A month after his arrest, the former police chief for Chadbourn, North Carolina remains in jail under a $910,000 bond. He’s accused of stealing guns, drugs and cash from the small town police department’s evidence locker.

William Anthony Spivey, 35, faces 88 felony charges in Columbus County for stealing from the evidence room and embezzlement. The most serious charges involve trafficking opioids and selling stolen guns, according to warrants.

“The indictments make clear a number of firearms were stolen by former Chief Spivey from the evidence locker at the Chadbourn Police Department,” District Attorney Jon David said in a statement this month.


What You Need To Know

  • The former Chadbourn, North Carolina, police chief faces 88 felony counts

  • A SBI investigation found he was allegedly stealing guns, drugs and cash from the department's evidence room

  • William Anthony Spivey denies the charges, his lawyer said

  • Spivey remains in jail on a $910,000 bond

“The SBI has already recovered a number of stolen firearms, several of which former Chief Spivey sold to friends, family members and acquaintances,” David said.

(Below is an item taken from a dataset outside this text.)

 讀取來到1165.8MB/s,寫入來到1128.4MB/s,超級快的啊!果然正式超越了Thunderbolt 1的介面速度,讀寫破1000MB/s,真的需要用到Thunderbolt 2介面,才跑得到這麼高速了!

Spivey was charged with stealing four guns: a Taurus G2 handgun, a Palmetto State Armory PA-15 rifle, a Smith & Wesson M&P .40 caliber handgun and a 9mm Beretta handgun, according to arrest warrants from the State Bureau of Investigation.

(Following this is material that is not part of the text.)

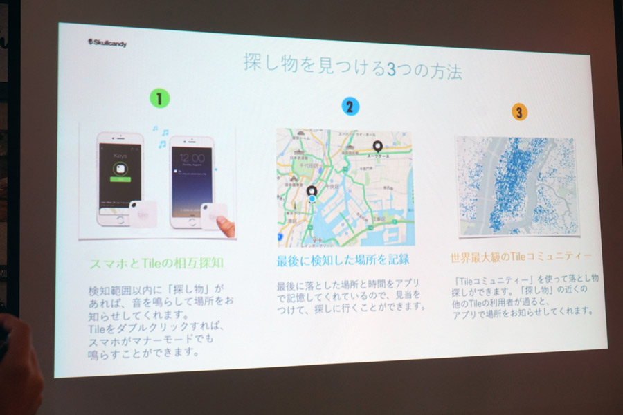 また、ノイズキャンセリング機能以外では、ヘッドホンとして世界で初めてスマートトラッカー「Tile」を搭載したのもポイント。スマートフォンとBluetooth接続し、「Tile」の専用アプリであらかじめセッティングしておくことで、単体の「Tile」で提供されている機能同様に、「アプリからヘッドホンを鳴らす」、「最後に検知した場所を地図で示す」、「Tileコミュニティーでヘッドホンを探す」といった機能が利用できる。

One warrant alleges Spivey used his police department-issued pickup truck to go to South Carolina in January and February to sell the Palmetto State Armory rifle.

The prosecutor wouldn’t comment on the case, but his office did say that the case against Spivey is still an active investigation and more charges are possible.

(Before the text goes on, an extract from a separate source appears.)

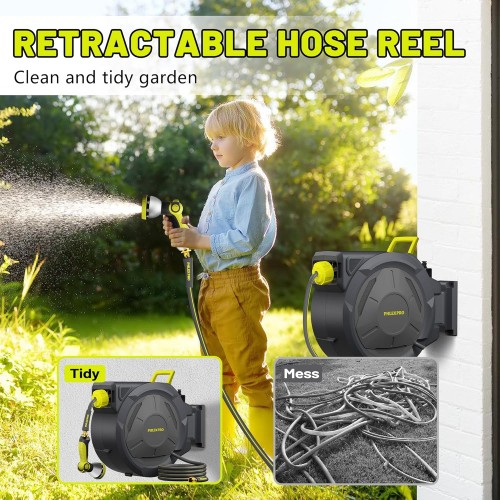 - ใ๐จ๐ฉ๐ ๐ซ๐๐๐๐ ๐๐๐ฌ๐ข๐ ๐ง ๐๐จ๐ฌ๐ ๐ฅ๐๐๐ฅใ: PHLEX PRO hose reel offers versatile hose use with a pull-and-lock system to prevent retraction. After use, gently tug to engage the automatic rewind, which neatly organizes the hose for you. Swivel bracket and fixed metal pin, can be securely mounted on a solid wall, offering a 180-degree swivel for versatile, all-around watering.

Spivey faces charges in Columbus County Superior Court. (Photo: Jonathan Powell)

Spivey has remained in jail since his arrest on April 19, according to jail records. He is being kept in the Bladen County jail, where he’s been since his arrest, according to the District Attorney’s Office.

Spivey’s attorney, David Mills, said the former police chief denies the charges. Mills said Spivey recently hired him for the case, and that he would be taking up the bail and other issues with Columbus County Superior Court.

“An indictment is not evidence of guilt,” Mills told Spectrum News 1 in a phone interview.

Chadbourn is a town of about 2,000 people, according to the most recent Census Bureau estimates. It sits just north of the border with South Carolina, about an hour’s drive from Myrtle Beach. A sign on the way into the small downtown advertises the town as the “Home of the North Carolina Strawberry Festival.”

Forty-one warrants filed in Columbus County accuse Spivey of dozens of crimes. The warrants allege Spivey stole more than $33,000 in cash, took hundreds of prescription pills, including Xanax and opioids, and at least four guns from the evidence locker.

He’s also accused of stealing about one gram of cocaine and three MDMA or ecstasy pills.

The State Bureau of Investigation led the inquiry into just what was happening with evidence allegedly disappearing from the Chadbourn Police Department.

Investigators also accused Spivey of lying to doctors’ offices twice to get prescription opioids. First, in 2017, Spivey allegedly lied to a physician’s assistant to get a second prescription for the drugs. Then, in 2020, Spivey created a fake police report to say his prescription of oxycodone had been stolen, according to a warrant.